SPANISH MODELLING & THE PROTOTYPE.

 

A Little update:

 

 

Further information and lots of photos concerning Spanish modelling and the prototype, will be found on my regular page:

MORA la NOVA RAILWAY CENTRE AND MUSEUM (Official English language web page for the Museum) in the RMweb category "PRESERVATION"

 

A Taster:

 

5 inch gauge (03).JPG

Above: 5 inch gauge in use inside our main Museum building during our Annual open weekend in early October.

 

Jordi, Ferran & James (03).JPG

Above: Down in the town centre our Modelling workshop is in the process of constructing TWO large model railways for eventual permanent exhibition at the Museum. In the picture a few of the Spanish members learning how to construct exhibition baseboards for the new HO scale "Mora la Nova" layout under my guidance.
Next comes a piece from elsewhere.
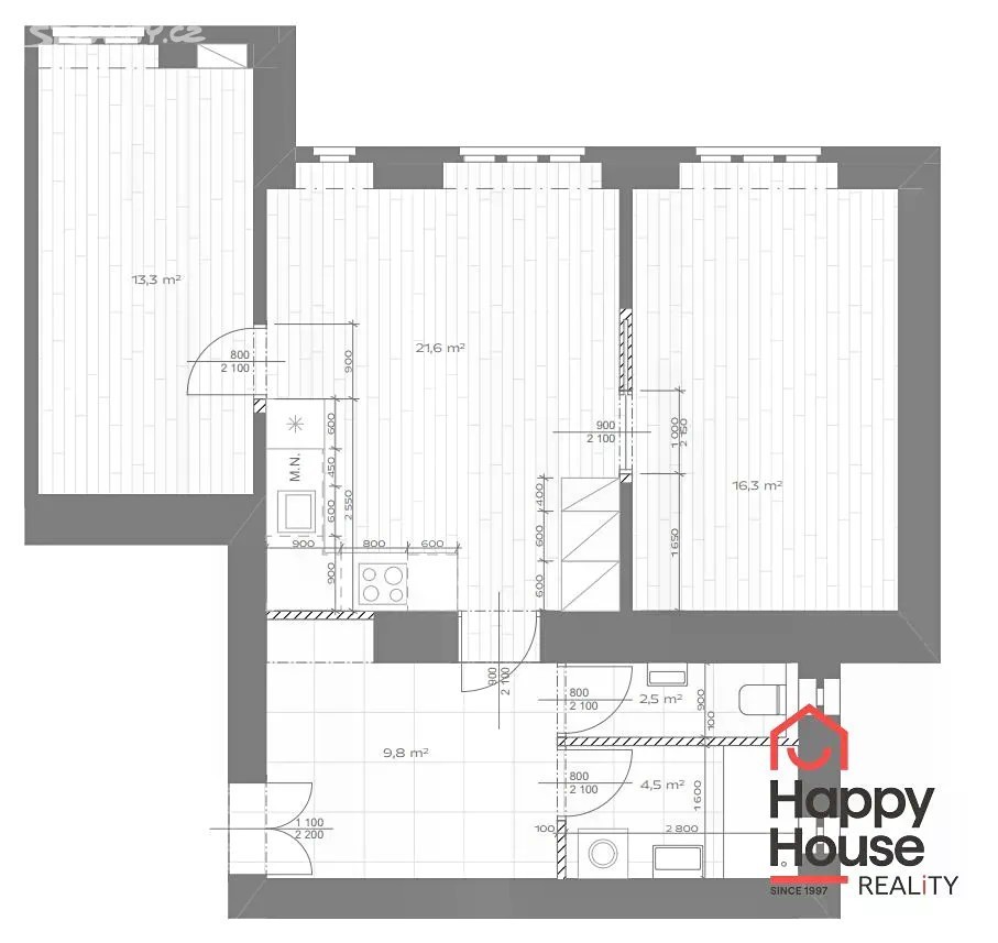 Nabízíme k pronájmu nezařízený byt 3+kk ve zvýšeném přízemí (okna 3 m nad zemí) cihlového domu s výtahem v žádané lokalitě Prahy 6 - Dejvice. Byt prošel kompletní rekonstrukcí. Dispozice bytu tvoří dva neprůchozí pokoje a mezi nimi obývací pokoj s kuchyňským koutem, byt je však nevhodný pro spolubydlení. Kuchyňský kout (rozměr 4,04x5) je vybaven kuchyňskou linkou a vestavěnými spotřebiči - lednicí s mrazákem, sklokeramickou varnou deskou, horkovzdušnou a mikrovlnnou troubou, myčkou a digestoří. Je zde okno do zahrady a klidného vnitrobloku zahrada je k využití pro všechny obyvatele domu a je zde i malé pískoviště pro děti. Pokoje jsou uzavíratelné (rozměry 3,18x5 a 2,35x5) a mají okna s výhledem do zahrady. V koupelně je sprchový kout, pračka a sušička. Toaleta je samostatně. V předsíni se nacházejí vestavěné skříně. V části bytu obývacím pokoji je možnost si umísit pohovku o rozměru až 230 cm. Na podlahách je vinylová krytina a dlažba. Okna jsou špaletová, opravená. Vytápění zajišťuje plynový kotel umístěný v chodbě. K bytu náleží sklep o velikosti 4 m². Výhled je orientován do klidného vnitrobloku. V okolí se nachází kompletní občanská vybavenost - školy, školky, obchody, restaurace, kavárny i lékárny. V pěší vzdálenosti je stanice metra, tramvají a autobusů Dejvická (asi 10 minut). Lokalita nabízí i množství zeleně a relaxačních míst - pár minut chůze od domu se nachází park Stromovka, ideální pro procházky, sport i odpočinek. V blízkosti jsou rovněž Letenské sady, Hanspaulka s vilovou čtvrtí a přírodní park Šárka vhodný k výletům i sportovním aktivitám. Poplatky se hradí zvlášť. Kauce činí 2 měsíční nájmy. Provize RK je ve výši 1 měsíčního nájmu + DPH. Energetický štítek není k dispozici, uvádí se třída G.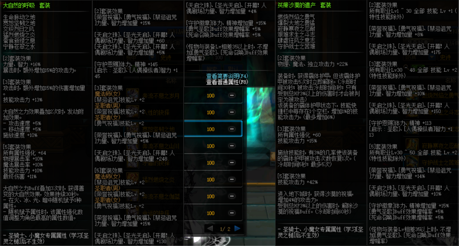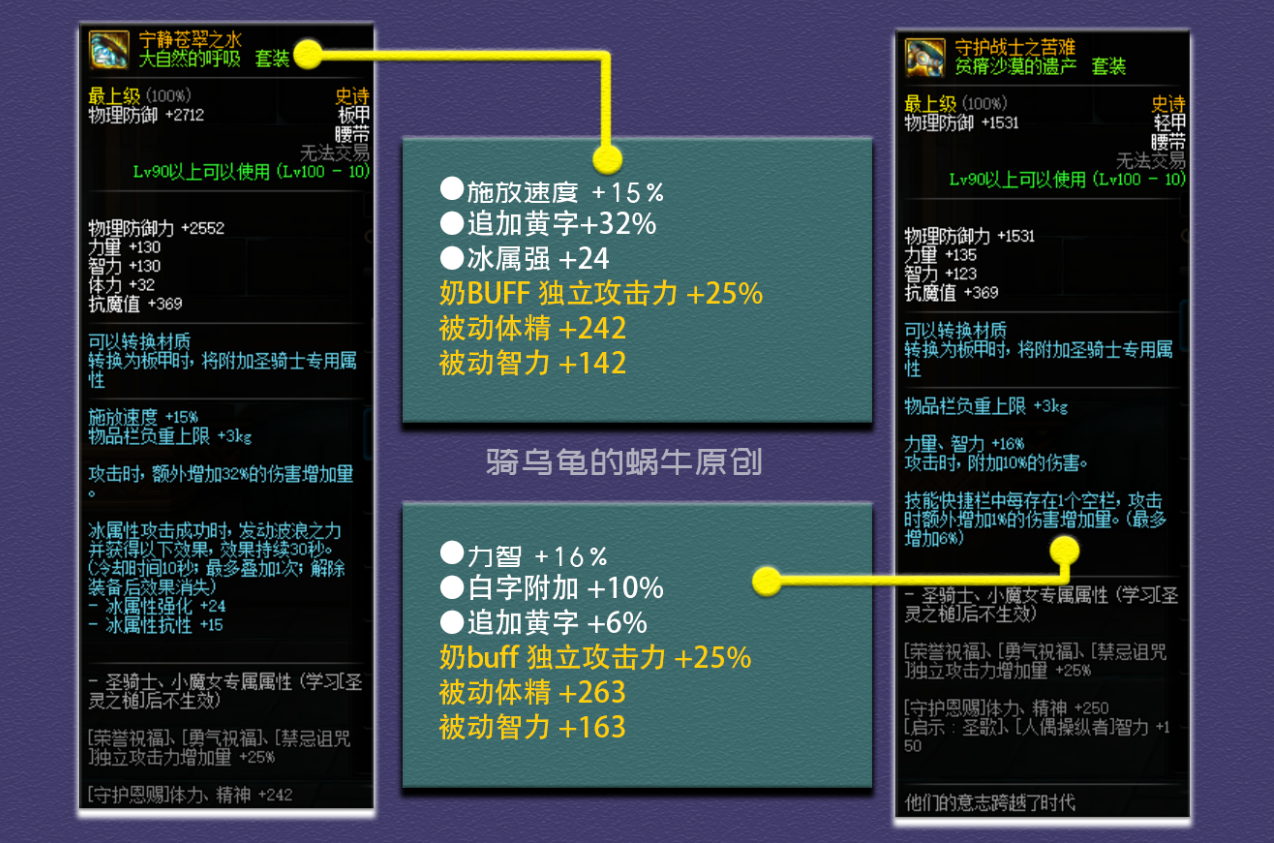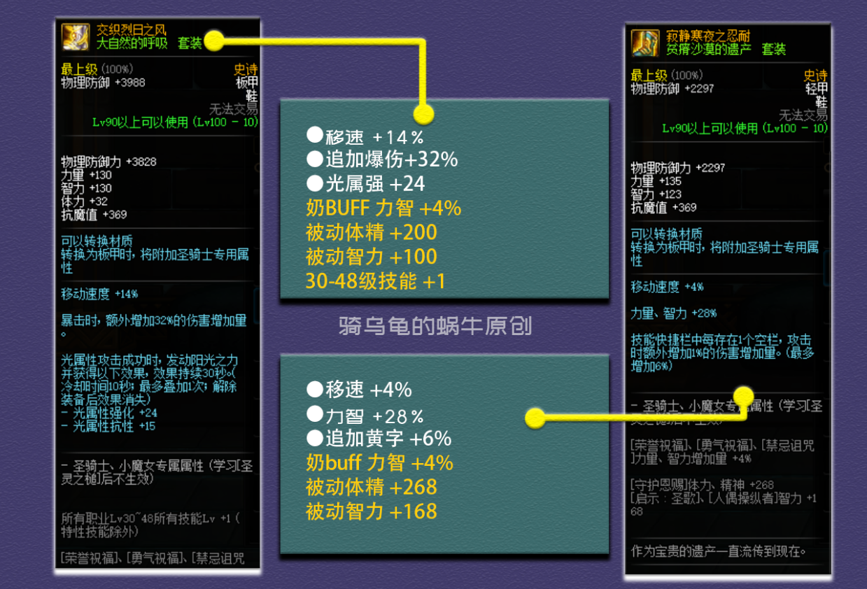 套装属性,升级的史诗套增加16%的力智、15%的追加爆伤、15%的追加黄字、23%的技能攻击力、64点属强和11%的最终伤害,综合提升率为111.82%。

The second layout is my own "Basingstoke" layout which is featured on my regular page in "Modelling real locations" under the title "Basingstoke in "OO" 1958-67".

 

P1015833.JPG

Above: Mixed traffic Class 241F 4-8-2 of 1949 "La Bonita" a 200 tonne monster, posed in the main platform of Mora la Nova station with restored 1950 coaches and "period passengers". Rolling stock from the Railway Centres collection. (Photo taken 15-10-17).   


Edited by 71000, 28 November 2017 - 05:02 .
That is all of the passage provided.